Re: ARCADIUM – Breathe Awhile (1969)

: 19-03-2012, 22:41
autor: Agony
Przyznam, ze jeszcze nigdy nie zawiodlem sie na rekomendacjach tego autora. On sam zreszta mowil o sobie (niestety, nie potrafie odszukac stosownego cytatu), ze jego gust ewoluowal od progresywnego rocka przelomu lat 60. i 70., do psychodelii, ktora rozwijala sie kilka lat wczesniej, niz prog rock. Czytajac jego teksty dochodze do wniosku, ze preferuje on zespoly grajace konkretnie, a nie te, ktore nagrywaly dzwiekowe dziwadla.

Re: ARCADIUM – Breathe Awhile (1969)

: 20-03-2012, 01:11
autor: Glene
A ja mam pyatnie odnosnie ksiazki "Brytyjski Rock w latach 1961-1979" da sie ja dorwac taniej niz za 150 zl?

Re: ARCADIUM – Breathe Awhile (1969)

: 20-03-2012, 08:01
autor: mrwth
Nie ogarniam skąd tyle emocji podczas słuchania tej płyty. Przeczesuję radarami całą okolicę + bonusy, ale ni chuja nie potrafię ich zlokalizować. Tak czy srak - bardzo fajna nuta, przyjemnie się słuchało o poranku : )

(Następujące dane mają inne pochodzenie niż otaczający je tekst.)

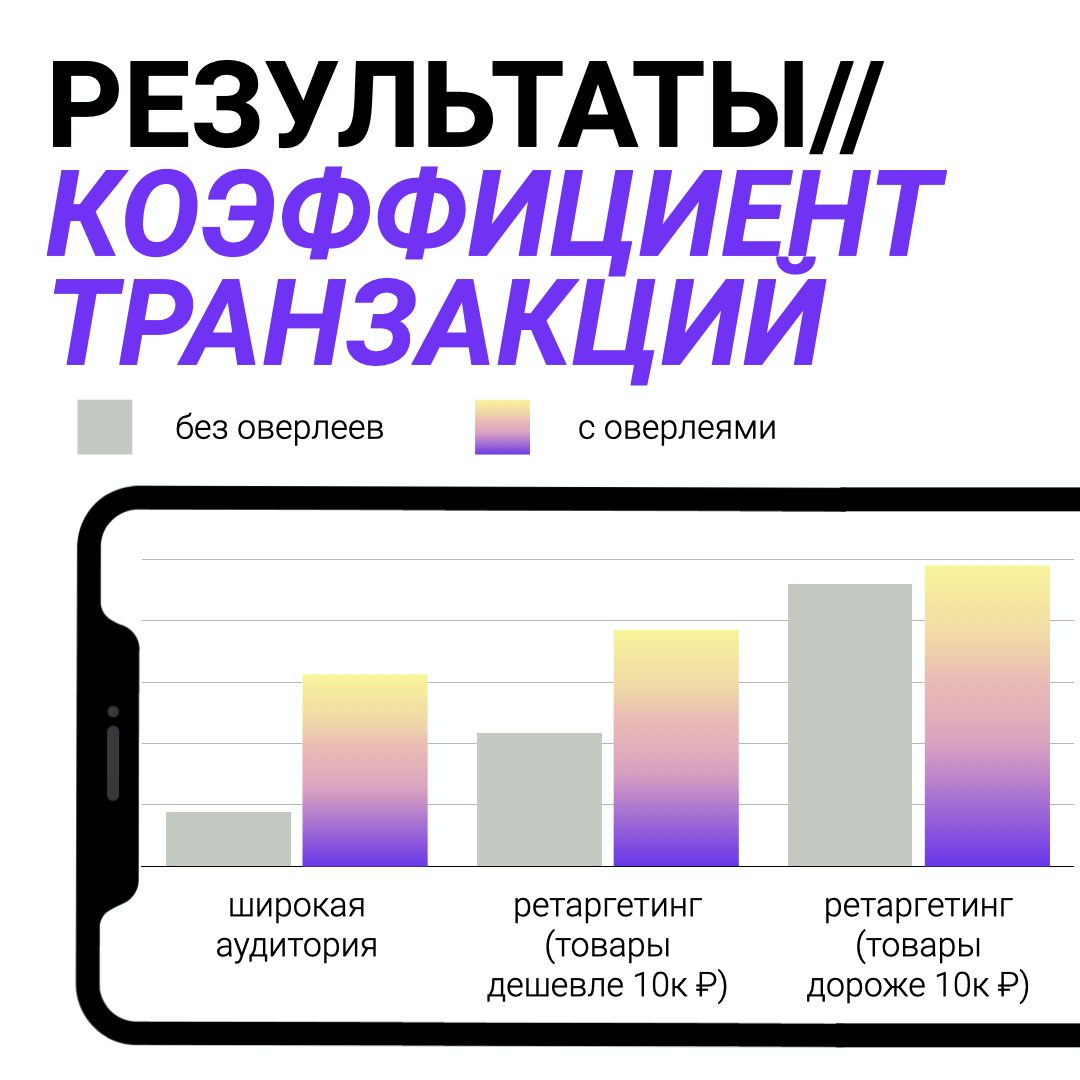 В результате по всем трем кампаниями мы заметили существенное снижение показателя отказа по переходу с рекламы – на 51% по сравнению с каталогом без оверлеев. Количество покупок при этом выросло на 19%, а коэффициент транзакций (процентная доля посещений, которые привели к покупке) – в 2.3 раза. Доход, сгенерированный объявлениями с оверлеями, также вырос на 19% при равных затратах на продвижение.

Re: ARCADIUM – Breathe Awhile (1969)

: 20-03-2012, 10:52
autor: Bezdech
Problem z Leśniewskim jest taki, że płyty, które opisuje, sprzedaje przy okazji za kosmiczne kwoty w swoim sklepiku. Można się bronić, że gust itp., ale sporo z tych 10/10 to ewidentne podkoloryzowywanie rzeczywistości. Choćby wspomniane Bakerloo, czy np. Fuzzy Duck, albo też słaba, dwójka Blodwyn Pig. Niech kazdy sobie dopowie, co mu szara materia podszeptuje w tej kwestii.

A Babe Ruth to może nie 10, ale spokojnie 9/10. Żeby nie ten nieszczęsny kower.

Re: ARCADIUM – Breathe Awhile (1969)

: 20-03-2012, 12:35
autor: Heretyk
a ktoś tam coś u niego kupował wysyłkowo? solidna firma? bo już widzę kilkanaście płyty które mnie interesują.